(Beginning of Data provided)
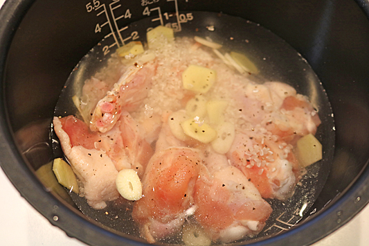 3.加入大米和*中的所有材料,启动普通煮饭模式。
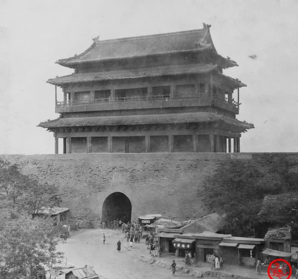 图中这座高高的楼,就是西直门城楼,灰砖搭的厚达一米多,屋顶是双层的大挑角,站在下头仰头一瞅,墙上岁月留的疤痕跟刀削的一样,小时候只在老人嘴里听说,靠近北城,进出商队驮着货,一溜骆驼和大车就从这门下过,门洞两边的小铺子,卖包子、缝鞋的、打铁匠,横七竖八挤着,早上赶集的人把路堵得严严实实,城门口这股热闹劲,现在只剩照片里的影子了。
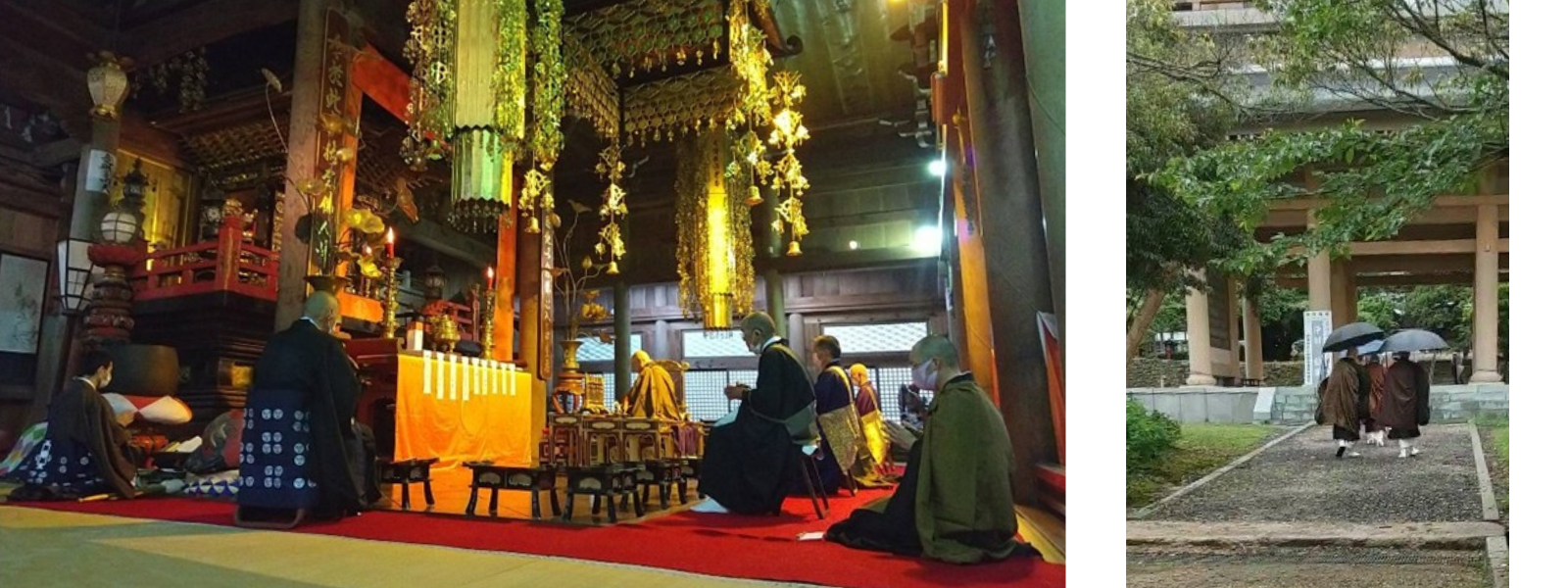 祖師前にて仮入山報告式 5月24日 三門より御影堂へ向かう(右)
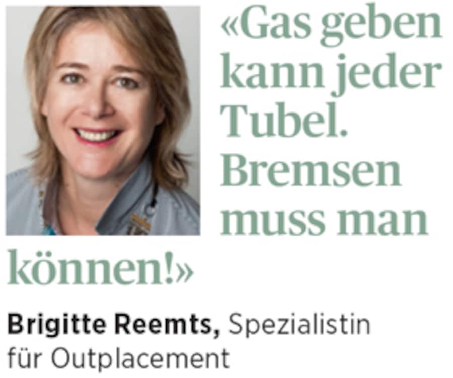 Statt an einen dauerüberlasteten RAV-Berater wende ich mich an eine ausgewiesene Spezialistin für Outplacement: an Brigitte Reemts, Partnerin beim Consulting-Unternehmen Dr. Nadig + Partner in Zürich. Sie weiss, wie man eine neue Stelle findet. Darauf hat sich die 52-Jährige spezialisiert. Was ich tun soll? «Ruhe bewahren», sagt Reemts. Ich solle mir den Ausspruch eines Lastwagenfahrers zu Herzen zu nehmen. Der habe ihr erklärt: «Gas geben kann jeder Tubel. Bremsen muss man können!»
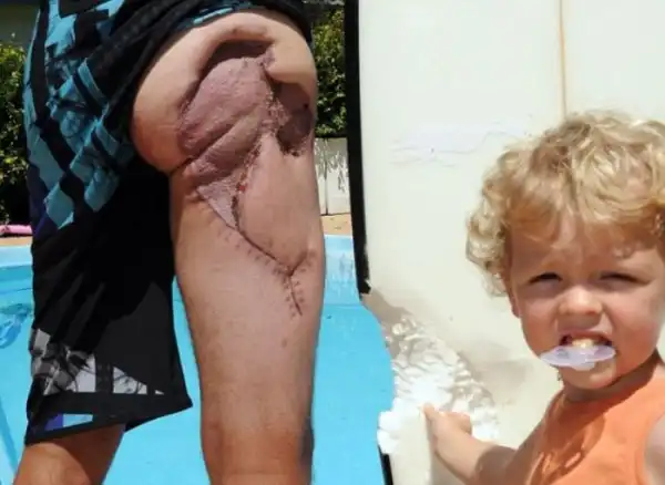 У серфера из Австралии остался только ужасный шрам который напоминает ему о тех ужасных событиях.
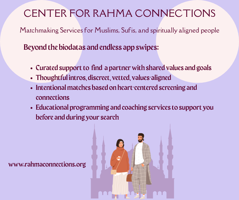 The Center for Rahma Connections is one my side projects. I'm obsessed with love and after experiencing the toxicity of dating apps, I have helped build a platform for matchmaking singles look for aligned and spiritually-attuned partners. You can become a member for six-months, with the opportunity to receive introductions with potential matches one at a time. Rahma Connections will soon offer coaching support for individuals throughout the process, from help discerning what they are looking for in a partner and walking through the courtship process. We will also soon offer educational and coaching support calls.
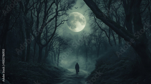 The Haunted Path: Describe a traveler lost in a dark forest on Halloween night. The full moon illuminates eerie figures lurking among the trees, and whispers echo through the air.
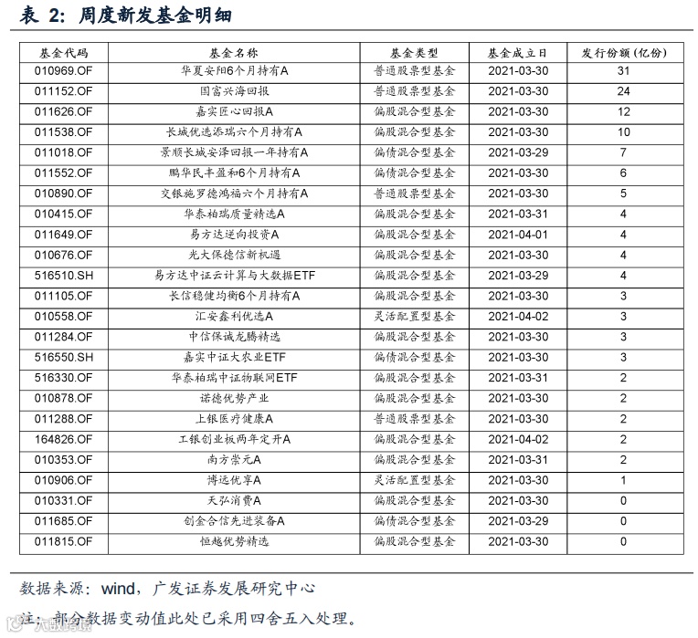 (3)新发基金(股票型+混合型): 上周新发基金规模为141亿元,前一周新发基金规模约312亿元,新发基金规模下降。
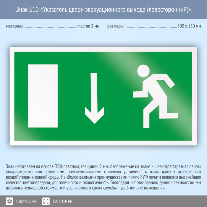 Знак E10 «Указатель двери эвакуационного выхода (левосторонний)» (пластик, 300х150 мм) в Улан-Удэ купить
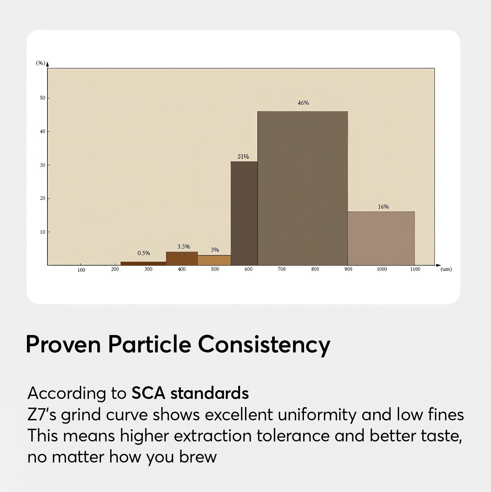 • Proven Particle Consistency: Grind curve meets SCA standards with low fines, ensuring higher extraction tolerance and superior flavor development.
(End of Data provided)
Problem description
Copy only these lines from the records above, exactly: the one with "图中这座高高的楼,就是西直门", the one with "The Center for", and those between. Skip the pictures.

Reply to the task
 图中这座高高的楼,就是西直门城楼,灰砖搭的厚达一米多,屋顶是双层的大挑角,站在下头仰头一瞅,墙上岁月留的疤痕跟刀削的一样,小时候只在老人嘴里听说,靠近北城,进出商队驮着货,一溜骆驼和大车就从这门下过,门洞两边的小铺子,卖包子、缝鞋的、打铁匠,横七竖八挤着,早上赶集的人把路堵得严严实实,城门口这股热闹劲,现在只剩照片里的影子了。
 祖師前にて仮入山報告式 5月24日 三門より御影堂へ向かう(右)
 Statt an einen dauerüberlasteten RAV-Berater wende ich mich an eine ausgewiesene Spezialistin für Outplacement: an Brigitte Reemts, Partnerin beim Consulting-Unternehmen Dr. Nadig + Partner in Zürich. Sie weiss, wie man eine neue Stelle findet. Darauf hat sich die 52-Jährige spezialisiert. Was ich tun soll? «Ruhe bewahren», sagt Reemts. Ich solle mir den Ausspruch eines Lastwagenfahrers zu Herzen zu nehmen. Der habe ihr erklärt: «Gas geben kann jeder Tubel. Bremsen muss man können!»
 У серфера из Австралии остался только ужасный шрам который напоминает ему о тех ужасных событиях.
 The Center for Rahma Connections is one my side projects. I'm obsessed with love and after experiencing the toxicity of dating apps, I have helped build a platform for matchmaking singles look for aligned and spiritually-attuned partners. You can become a member for six-months, with the opportunity to receive introductions with potential matches one at a time. Rahma Connections will soon offer coaching support for individuals throughout the process, from help discerning what they are looking for in a partner and walking through the courtship process. We will also soon offer educational and coaching support calls.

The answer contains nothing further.